• Activity: Extract, in full, the lines below, beginning at the first and ending with the line that contains "Emmanuel teaching our". Pictures do not belong in the copy.

┌────────

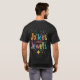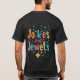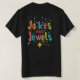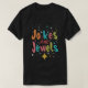 The t-shirt design for "Jokes and Jewels" features a playful and whimsical illustration. A sparkling diamond, adorned with a crown, is depicted laughing heartily. The diamond's laughter lines extend into a necklace of pearls, creating a visually appealing and humourous image. The design combines the concepts of luxury and humour, making it a unique and eye-catching piece
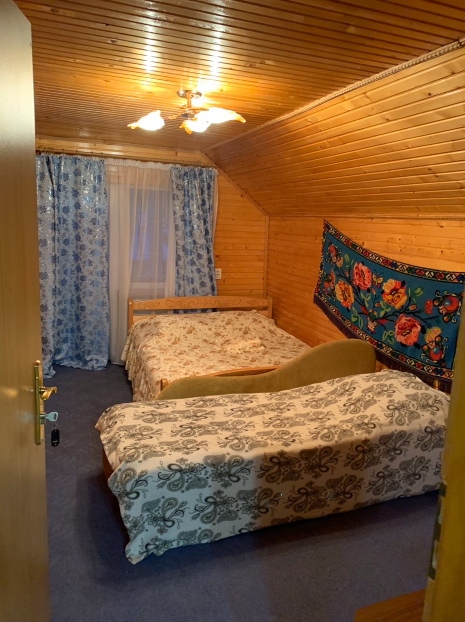 - На третьому поверсі - 2 чотиримісні номери (у кожному - 2 двоспальні або двоспальне та 2 односпальні ліжка, вішалка для одягу, телевізор, стіл зі стільцями; санвузол - душ, туалет, умивальник).
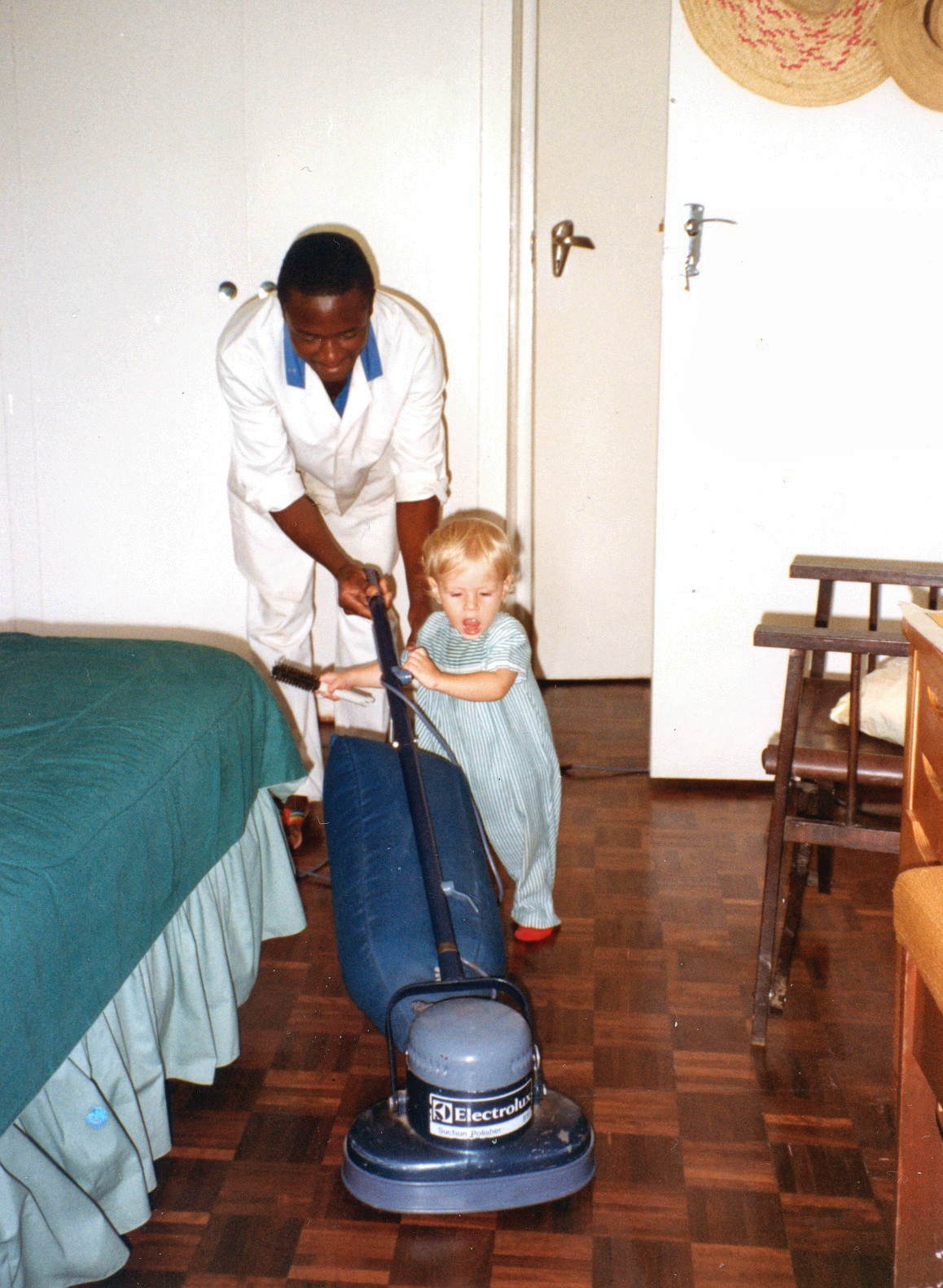 Emmanuel teaching our son Julio to “drive” the vacuum cleaner.
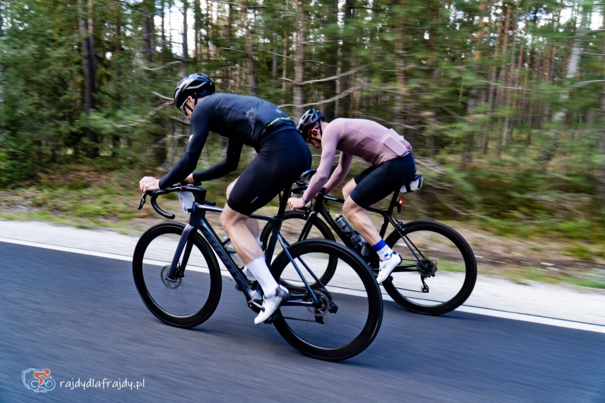 Końcowe 35km były już wspólne dla wszystkich dystansów – i z krajobrazowo-rekreacyjnego punktu widzenia ten powrót do Tucholi niezmiennie uważamy za prawdziwy kolarski sztos! Poczynając od nieco zbyt szybkiego przejazdu po moście nad Jeziorem Wierzchy (niestety leży w obniżeniu i na rozglądanie pozostaje przeważnie kilka sekund – jeśli w ogóle), przez pięknie pofalowany i dość wymagający fragment Wierzchy-Zdroje-Trzebciny – aż po niekończącą się, 20-kilometrową strzałę przez serce Borów Tucholskich (ze smakowitym, dynamicznym finiszem na granicy miasta). Jako że wspominany wcześniej wiatr przybrał tutaj bardzo sprzyjającą postawę, to finałowe kilometry upływały błyskawicznie. Spomiędzy zębatek strzelały iskry, z hukiem pękały osobiste rekordy, a segmenty uginały się od napływu nowych nazwisk w czołówkach. Łupem ochoczo nacierających Szybkościowców padła też większość zlokalizowanych po drodze KOMów – ale mieliśmy wrażenie że gdyby nie linia mety, to spora część Uczestników z chęcią dołożyłaby w takich warunkach kolejne 30-50 kilometrów ![]()
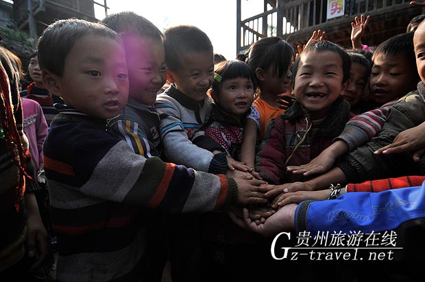 “大手牵小手”,一只大手拖住十几双小手,归奶小学的小朋友们用这种方式在感谢捐赠者
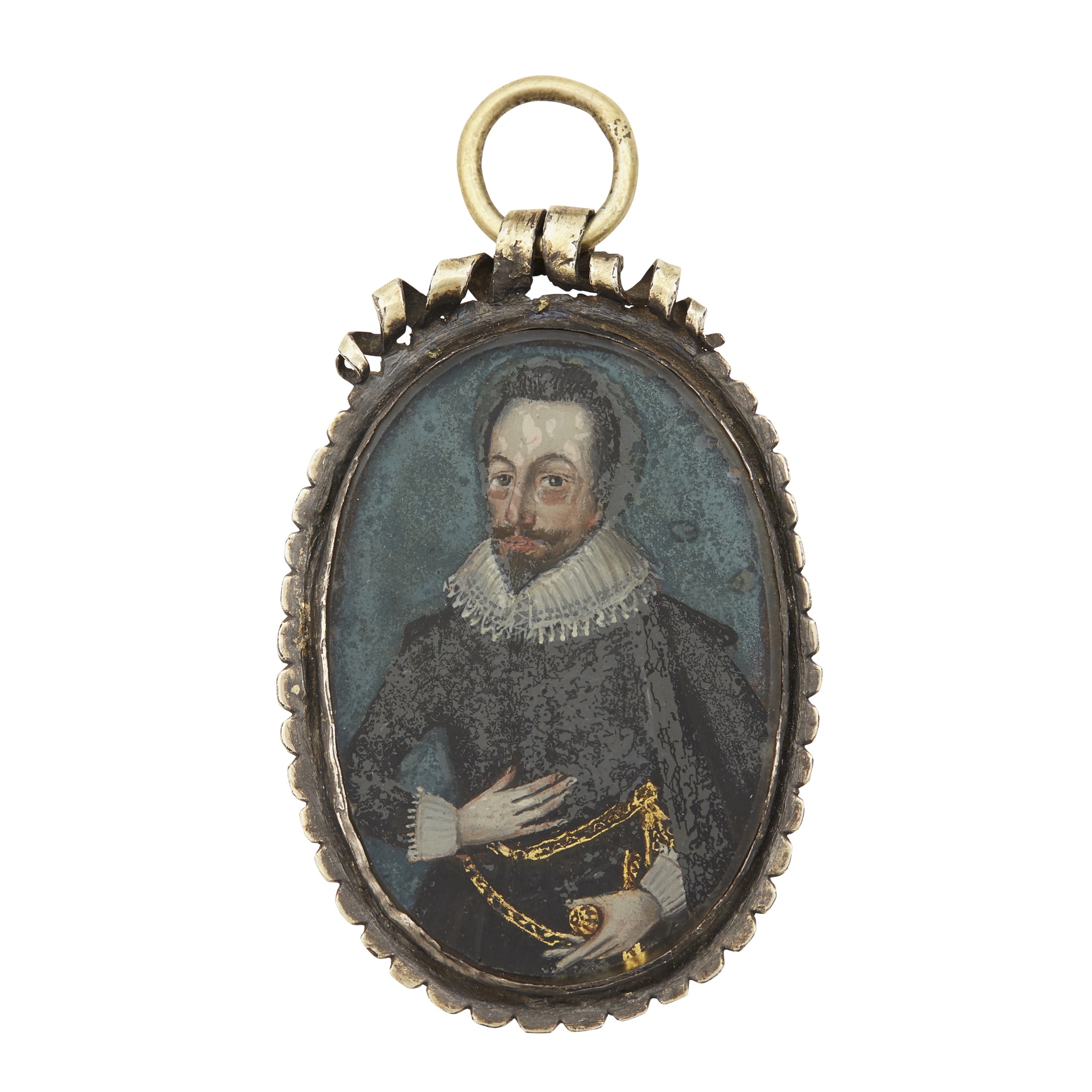 Spanish school, of a nobleman wearing a coat with full ruff, and a gold belt and court sword to his waist, reverse painted on glass within a silver gilt simple frame, slight ribbed border, scroll surmount with suspension loop
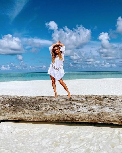 15-летняя актриса устроила себе роскошный отдых на Мальдивах. Остановилась звезда в пятизвездочном отеле Soneva Fushi, расположенном на частном острове атолла Баа. Окруженный Индийским океаном, коралловый остров является биосферным заповедником под защитой ЮНЕСКО.
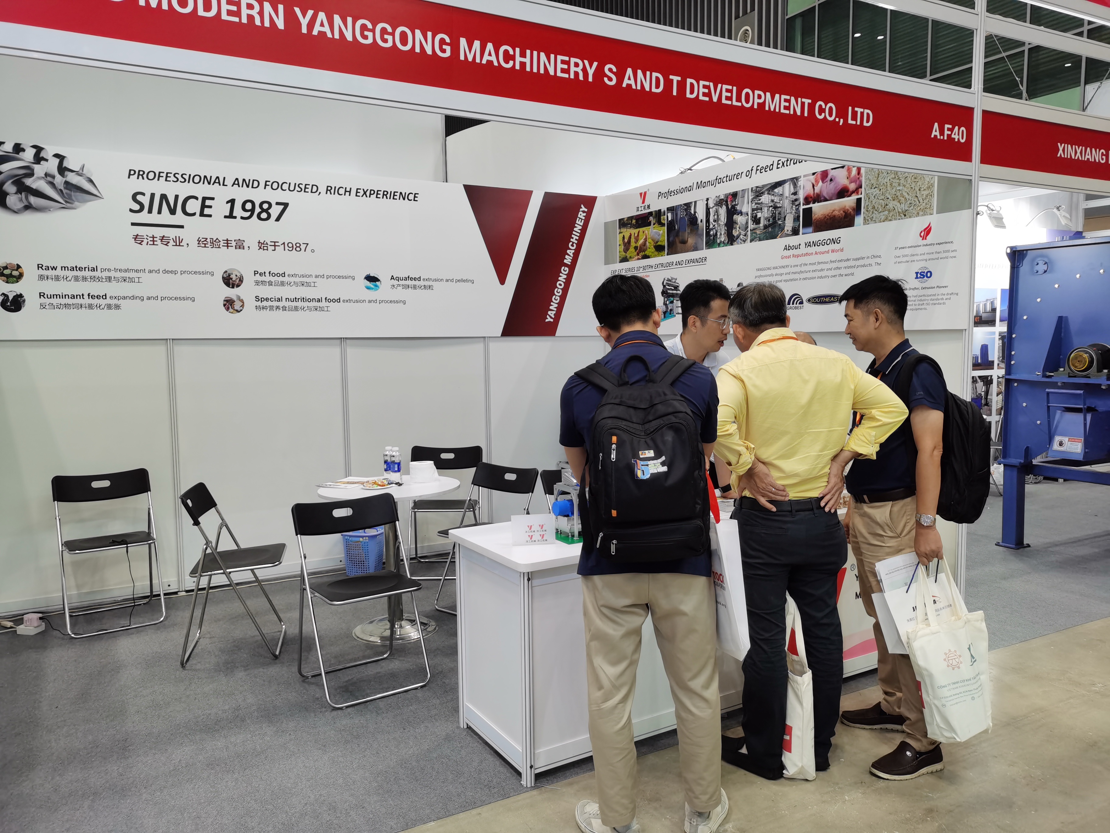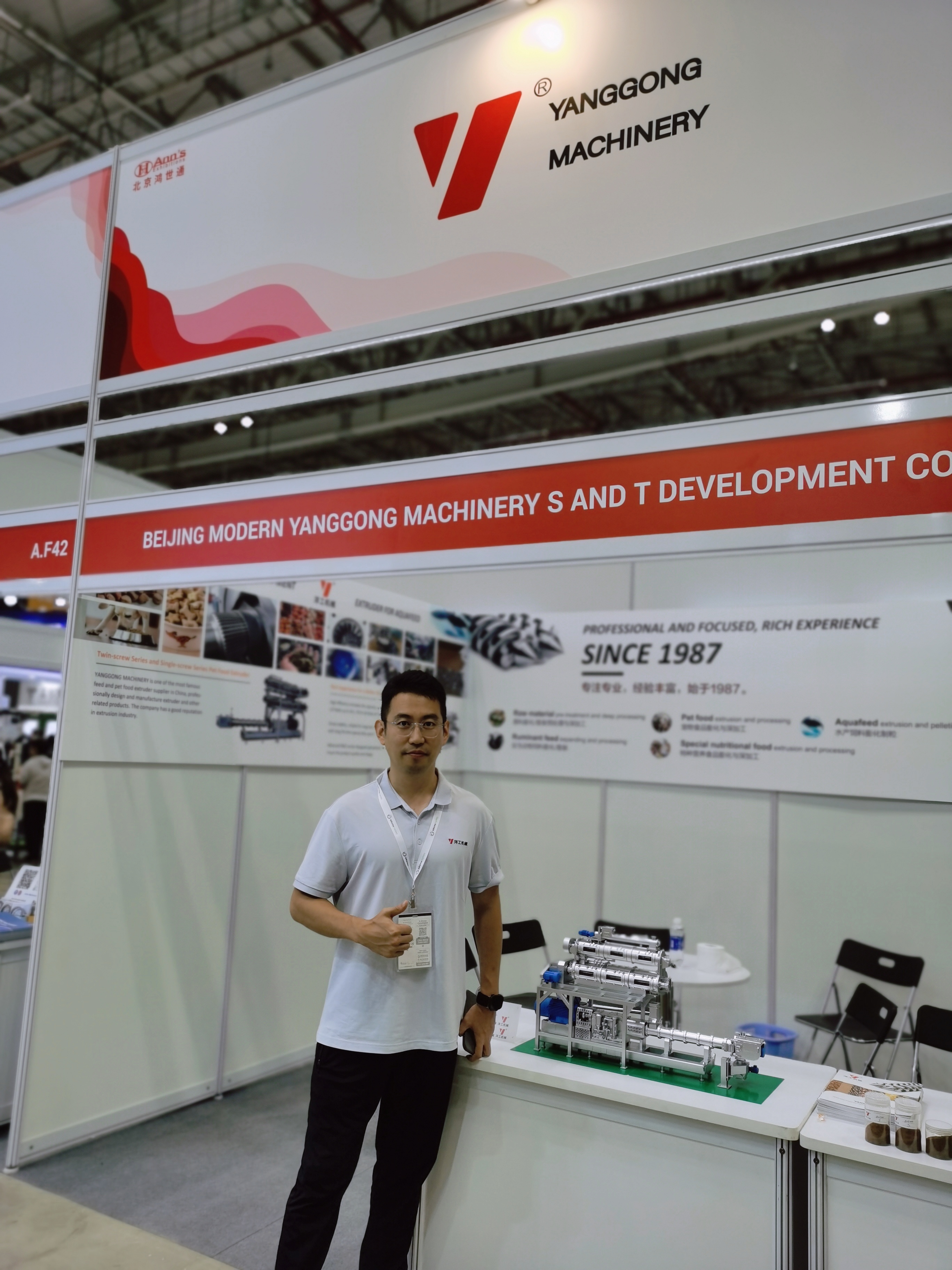 在展会期间,我们的团队与众多国际客户进行了深入且富有成效的沟通。这些积极的沟通与交流,不仅让客户对洋工机械的产品和技术有了更深入的了解,也让我们收获了满满的认可与期待。许多客户在沟通结束后,对我们的产品给予了高度评价。一位客户称赞道:“洋工机械的膨化机,技术先进、性能稳定,是我们提升饲料生产质量和效率的得力助手,期待未来能与洋工机械达成更多的合作,共同为畜牧行业的发展贡献力量。” 这些认可和期待,不仅是对我们产品和技术的肯定,更是对洋工机械品牌的信赖,让我们深感自豪,也备受鼓舞 。
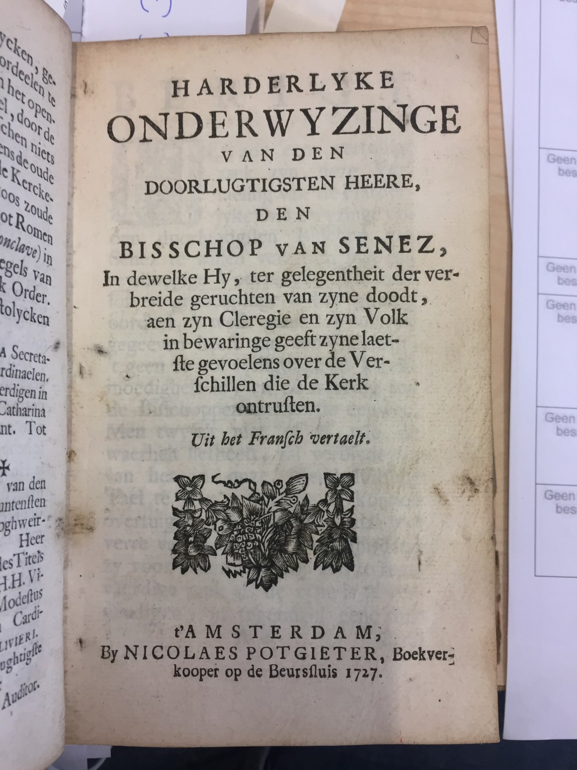 Harderlyke onderwyzinge van den doorluchtigsten heere, den bisschop van Senez [...] en zijn volk in bewaringe geeft zyne laetste gevoelens over de verschillen die de kerk ontrusten.

└────────

• Task answer:
 The t-shirt design for "Jokes and Jewels" features a playful and whimsical illustration. A sparkling diamond, adorned with a crown, is depicted laughing heartily. The diamond's laughter lines extend into a necklace of pearls, creating a visually appealing and humourous image. The design combines the concepts of luxury and humour, making it a unique and eye-catching piece
 - На третьому поверсі - 2 чотиримісні номери (у кожному - 2 двоспальні або двоспальне та 2 односпальні ліжка, вішалка для одягу, телевізор, стіл зі стільцями; санвузол - душ, туалет, умивальник).
 Emmanuel teaching our son Julio to “drive” the vacuum cleaner.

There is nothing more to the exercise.